Foreign Currency Translations and Transactions
The accompanying consolidated financial statements are presented in United States dollars, the functional currency of the Company. Capital accounts of foreign subsidiaries are translated into US Dollars from foreign currency at their historical exchange rates when the capital transactions occurred. Assets and liabilities are translated at the exchange rate as of the balance sheet date. Income and expenses are translated at the average exchange rate of the period. As a result, currency exchange fluctuations may impact our revenue and the costs of our operations. We currently do not engage in any currency hedging activities.
The following table summarizes the exchange rates used:
Restricted cash
In December 2016, the FASB issued ASU 2016-18, Statement of Cash Flows (Topic 230): Restricted Cash which requires that a statement of cash flows explain the change during the period in the total cash, cash equivalents, and amounts generally described as restricted cash or restricted cash equivalents. As a result, amounts generally described as restricted cash and restricted cash equivalents should be included with cash and cash equivalents when reconciling the beginning-of-period and end-of-period total amounts shown on the statement of cash flows. This guidance must be applied retrospectively to all periods presented. Management adopted this ASU beginning March 1, 2017. All prior periods have been adjusted to conform to the current period presentation, which resulted in no changes to the statement of cash flows for the nine months ended November 30, 2016.
As at November 30, 2017, the Company’s restricted cash consists of term deposits, held as collateral for the revolving credit facility (Note 5).
Value added tax, tax credits and other receivables
The Company is registered for the Canadian Federal and Provincial Goods and Services Taxes. As a registrant, the company is obligated to collect, and is entitled to claim sale taxes paid on its expenses and capital expenditures incurred in Canada. As at the Balance Sheet date of November 30 and February 28, 2017, the computed net recoverable sale taxes amounted to $128,905 and $198,830, respectively.
Research and Development Costs
Research and development expenses relate primarily to the development, design, testing of preproduction samples, prototypes and models, compensation, and consulting fees, and are expensed as incurred. Total research and development costs recorded amounted to $3,894,454 and $368,403 for the three months ended November 30, 2017 and 2016, respectively, and to $5,341,763 and $1,217,600 for the nine months ended November 30, 2017 and 2016, respectively. Research and development costs are net of $4,472 of grants received and research and development tax credit of $127,713 claimed during the period ended November 30, 2017.
Net Loss per Share
The Company computes net loss per share in accordance with FASB ASC 260 Earnings per share.
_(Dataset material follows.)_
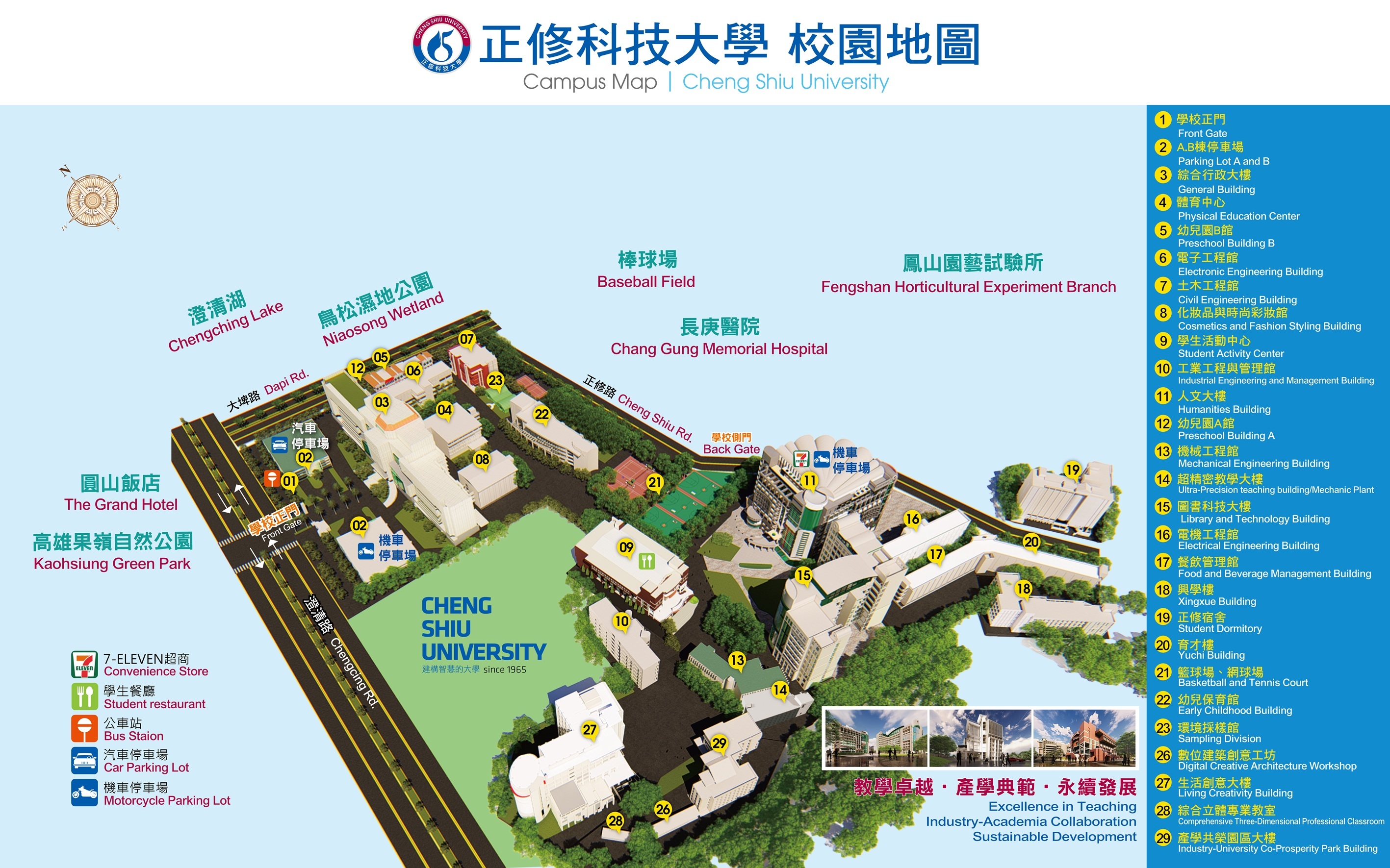 西向接國道1號北上續行,下三多交流道或中正交流道後右轉直行,至澄清路左轉直行即可抵達。 |

Basic earnings (loss) per share is computed by dividing the net income (loss) applicable to Common Stockholders by the weighted average number of shares of Common Stock outstanding during the year. Diluted earnings (loss) per share is computed by dividing the net income (loss) applicable to Common Stockholders by the weighted average number of common shares outstanding plus the number of additional common shares that would have been outstanding if all dilutive potential common shares had been issued, using the treasury stock method. Potential common shares are excluded from the computation if their effect is antidilutive.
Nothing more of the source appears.